By Indiewire | Indiewire December 11, 2013 at 12:19PM
With the holidays just around the corner we've compiled a list of gifts best suited to our loyal Indiewire readers. Included are picks for the cinephile, TV lover, and techie. Happy shopping!
For the cinephile:
"The Wes Anderson Collection"
"The Wes Anderson Collection" by New York Magazine critic Matt Zoller Seitz is now in its 5th printing and it's easy to see why. The beautiful hardcover book is at once both whimsical (perfectly capturing the spirit of Anderson's films) and authoritative (it's the first in-depth overview of Anderson's oeuvre). Featuring previously unpublished photos, artwork and other Andersonian ephemera, the book provides lots of insider-y information about Anderson's films and his core group of actors as well as insight into his filmmaking process. Max Dalton's illustrations perfectly reflect the filmmaker's playful style, another reason this isn't just a book to read, but rather a book to explore. The only bad news? Amazon.com and other booksellers can't seem to keep it in stock it fast enough, so may have to go on a quest (worthy of an Anderson film?) to find a copy. (Harry N. Abrams, $40.00) (Buy HERE)
"John Cassavetes: Five Films" (Criterion Collection)
If you want to give the gift of indie film inspiration, look no further than The Criterion Collection's "John Cassavetes: Five Films." Sure, at just under $100 ($99.96), it's not cheap, but considering what you're getting for the money, it's a relative bargain. Trained as an actor, Cassavetes gave his actors the freedom to experiment and improvise and the result is electrifying. In these five films -- "Shadows," "Faces," "The Woman Under the Influence," "The Killing of A Chinese Bookie," and "Opening Night," Cassavetes' work spans from from intimate relationship drama to re-imagined film noir. As a bonus, along with the high-definition digital restorations of the five films -- all independent film classics -- you also get the documentary Charles Kiselyak's "A Constant Forge -- The Life and Art of John Cassavetes," featuring candid interviews with Cassavetes' collaborators and archival footage.
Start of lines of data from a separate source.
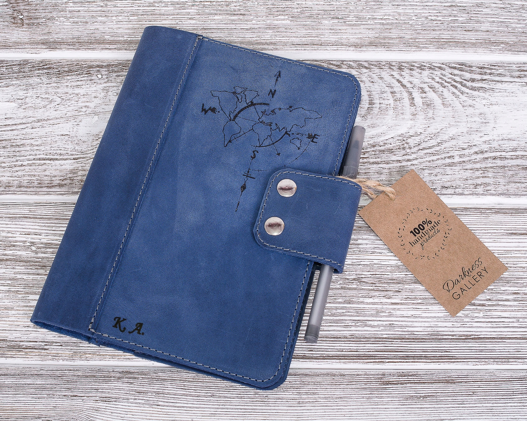 Шкіряні блокноти ручної роботи формату А5 з гравіюванням, сині
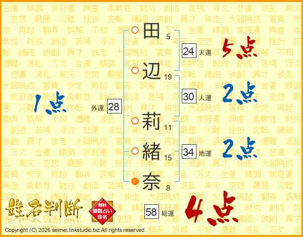 田(5画)辺(19画) 莉(11画)緒(15画)奈(8画)
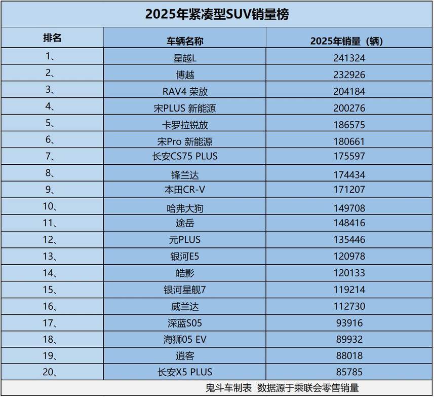 紧凑型SUV卖火了 2025年销量榜 16款销量过十万 锋兰达第八
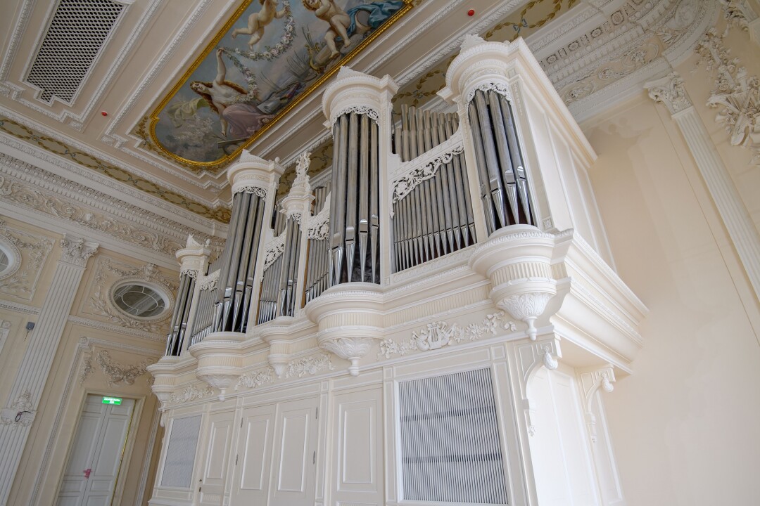 Сенсацией стал Малый зал: стены обшили еловыми досками с отступом от кирпичной кладки, чтобы добиться хорошей акустики. Установили орган немецкой фирмы E. F. Walcker. А художник Андрей Рябушкин исполнил плафон с изображением Аполлона Мусагета, его жены Каллиопы, сына Орфея, муз Полигимнии и Эвтерпы.
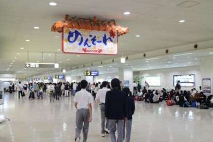 空港で沖縄の雰囲気に歓迎されています。
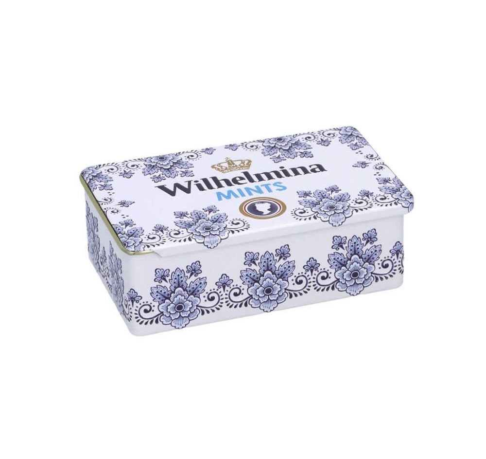 Schön zu geben! Schön zu bekommen! Delfter Blau Dose mit 100 Gramm Wilhelmina Pfefferminz.

Cassavetes aficionados will appreciate the alternate 18-minute opening sequence for "Faces," original trailers, as well as audio interviews with the director from the 1970s. (Buy HERE)
"Crab Monsters, Teenage Cavemen, and Candy Stripe Nurses"
Entertainment Weekly film critic Chris Nashawaty's oral history of B-movie legend Roger Corman surveys some 60 years of wild and often daring genre films produced, directed and written by the unflappable DIY visionary in the words of massive community he helped foster. Corman proteges quoted in the book range from Francis Ford Coppola to Bruce Dern, Jonathan Demme, Peter Bogdonavich and Corman himself. Their responses are beautifully laid out in a large format coffee table volume littered with high resolution imagery featuring dozens of Corman posters featuring juicy titles like "Caged Heat" and "Galaxy of Terror." Despite the kitsch, however, "Crab Monsters" provides a serious, almost scholarly overview of Corman's value in the history of American independent cinema, as he helped shepherd along talents like Dennis Hopper, Jack Nicholson and many, many more. The result isn't just a celebration of the B-movie; it's a first-rate history of American movies that gleefully defied the system. (Buy HERE)
"Leonard Maltin's 2014 Movie Guide: The Modern Era"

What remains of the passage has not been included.